Archibald Marshall, a Realistic Novelist

Part 2

Chapter 24,008 wordsPublic domain

Every fine novel and every fine drama must of course illustrate the law of causation--the principle of sufficient reason. But characters that run in grooves are not human. In _Richard Baldock_, we have, as we so often have in the work of Archibald Marshall, strife between father and son--a kind of civil war. This war, like many others, is begotten of misunderstanding. There is not only the inevitable divergence between the older and the younger generation, there is the divergence between two powerful individualities. We at first sympathize wholly with the son. We say to ourselves that if any man is foolish enough to sacrifice all his joy in life to a narrow creed, why, after all, that is his affair; it is only when he attempts to impose this cheerless and barren austerity on others, that we raise the flag of revolt. At the deathbed of the young mother, one of the most memorable scenes in our author's books, we are quite certain that we shall never forgive the inflexible bigot; this hatred for him is nourished when he attempts to crush the son as he did crush his wife. Yet, as the story develops, and we see more deeply into the hearts of all the characters, we understand how the chasm between father and son is finally crossed. It is crossed by the only durable bridge in the world--the bridge of love, which beareth all things.

Tolerance--when based not on indifference, but on sympathy--is tolerant even of intolerance.

V

In 1907 appeared one of the most characteristic of Mr. Marshall's novels, _Exton Manor_, which he began to write the day after he finished _Richard Baldock_. It was naturally impossible for any well-read reviewer to miss the likeness to Anthony Trollope.
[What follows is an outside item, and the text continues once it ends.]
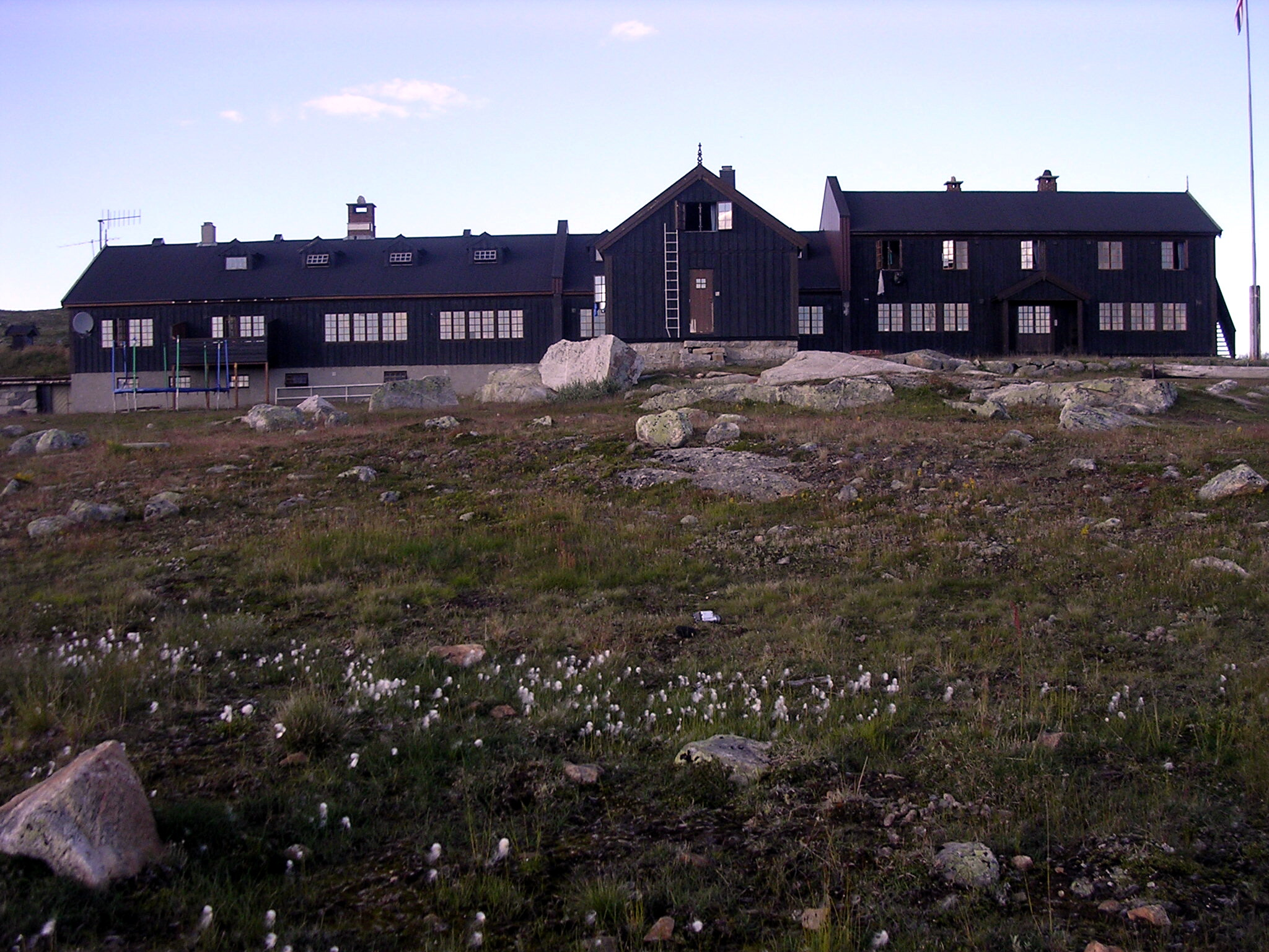 Sandhaug, a cabin located at Hardangervidda, Norway.

If I believed in the transmigration of souls, I should believe that Archibald Marshall was a reincarnation of Trollope, and William De Morgan a reincarnation of Dickens. In an interesting preface written for the American edition, Mr. Marshall manfully says that he has not only tried to follow Anthony Trollope, "but the whole body of English novelists of his date, who introduced you to a large number of people, and left you with the feeling that you knew them all intimately, and would have found yourself welcome in their society. That particular note of intimacy seems to be lacking in the fiction of the present day, and I should like to have it back."
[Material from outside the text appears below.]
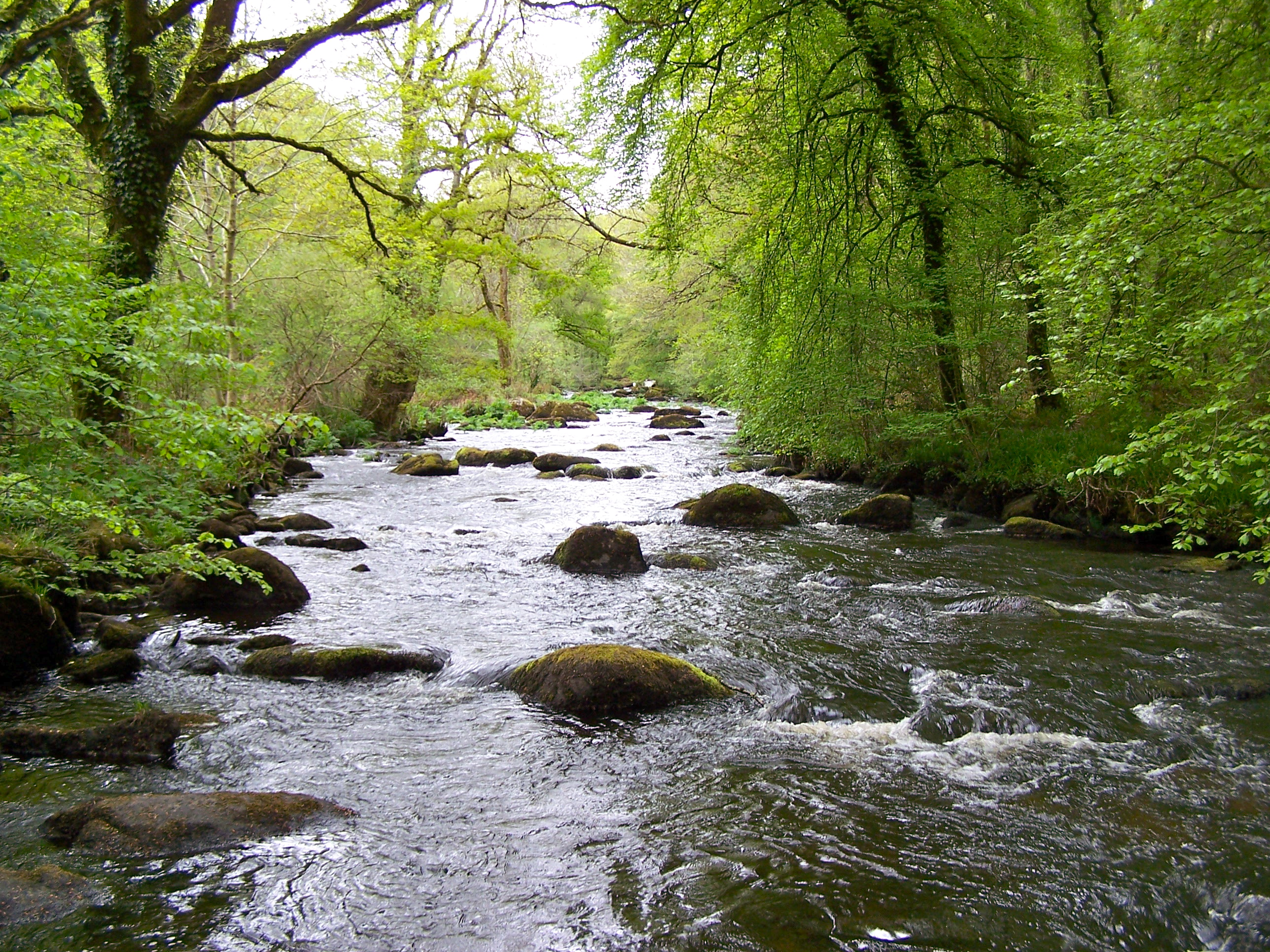 View of the Ellé river at Le Faouët, Morbihan

This instantly raises the question of Victorianism, to some a stumbling-block, to some foolishness. For my part, if I did not believe that the best Victorian fiction was superior to contemporary work, I should not be so hearty an admirer of Archibald Marshall. Indeed the best Victorian novels surpass our best twentieth century novels in the one respect where we chiefly plume ourselves on our claim to attention--I mean in the matter of sincerity. We talk about sincerity all the time, but we protest too much; the essence of sincerity is present perhaps more often in art, as it is in life, where its profession is least urgent. Henry James, in the fragment of autobiography called _The Middle Years_, wisely though oracularly remarked, "Phenomena may be interesting, thank goodness, without being phenomena of elegant expression or of any other form of restless smartness, and when once type is strong, when once it plays up from deep sources, every show of its sincerity delivers us a message and we hang, to real suspense, on its continuance of energy, on its again and yet again consistently acquitting itself. So it keeps in tune, and, as the French adage says, _c'est le ton qui fait la chanson_. The mid-Victorian London was sincere--that was a vast virtue and a vast appeal; the contemporary is sceptical, and most so when most plausible."
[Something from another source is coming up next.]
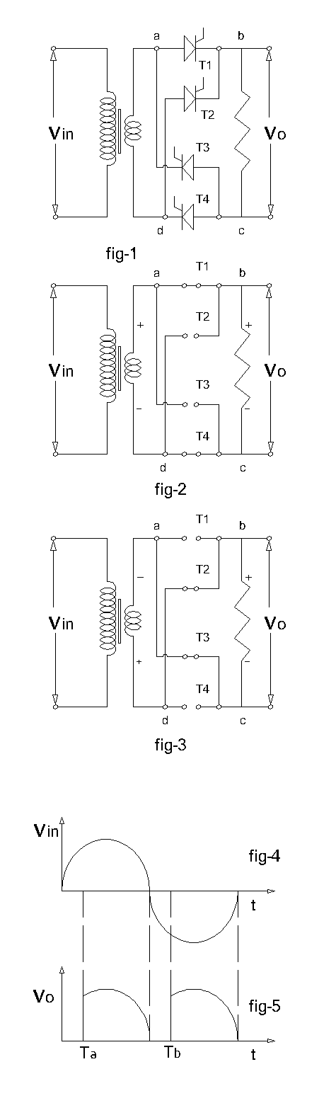 full wave rectifier(controlled)

On a summer day in 1914, I had the pleasure of a ten-mile drive over the hills with one of the wisest old men in America--Andrew D. White. I remember his saying that one of the most fortunate things that could happen to America would be a general ambition on the part of the more educated classes to look forward as to a goal in life to making a permanent home in the country. He said that in America men who make a little money move into the city as soon as possible; whereas in England, whenever a man makes a competence in the city he usually establishes a home in the country. No one can read the novels of Mr. Marshall without feeling that his books are so to speak based on this ideal; he repeatedly insists that life in the country is the true life for thoughtful men and women, and that the most delectable season for the solid enjoyment of it is the winter. Nay, he takes the position--a position also occupied by one of our ablest American novelists, Dorothy Canfield--that the most favourable locality for studying human nature is the small country village. He says, "Life in such a community as is depicted in _Exton Manor_ is just as typical of English social habits as it was in Trollope's day. The tendency of those who have hitherto worked on the land to drift into the towns is not shared by the more leisured classes. Their tendency is all the other way--to forsake the towns for the country--and improved methods of communication keep them more in touch with the world than they would have been fifty years ago. But in spite of this increased dependency upon the outside world, English country life is still intensely local in its personal interests, and quite legitimately so, for it must be remembered that, if the man who lives in a fairly populous country village comes across fewer people than the man who lives in a town, he knows all about those whom he does come across, and his acquaintances represent a far greater variety of type and class than is met with where types and classes tend to stratify. You have, in fact, in a typical country parish, a microcosm of English social life, and there is, ready to the hand of the realistic novelist, material from which he can draw as much interest and variety as he is able to make use of."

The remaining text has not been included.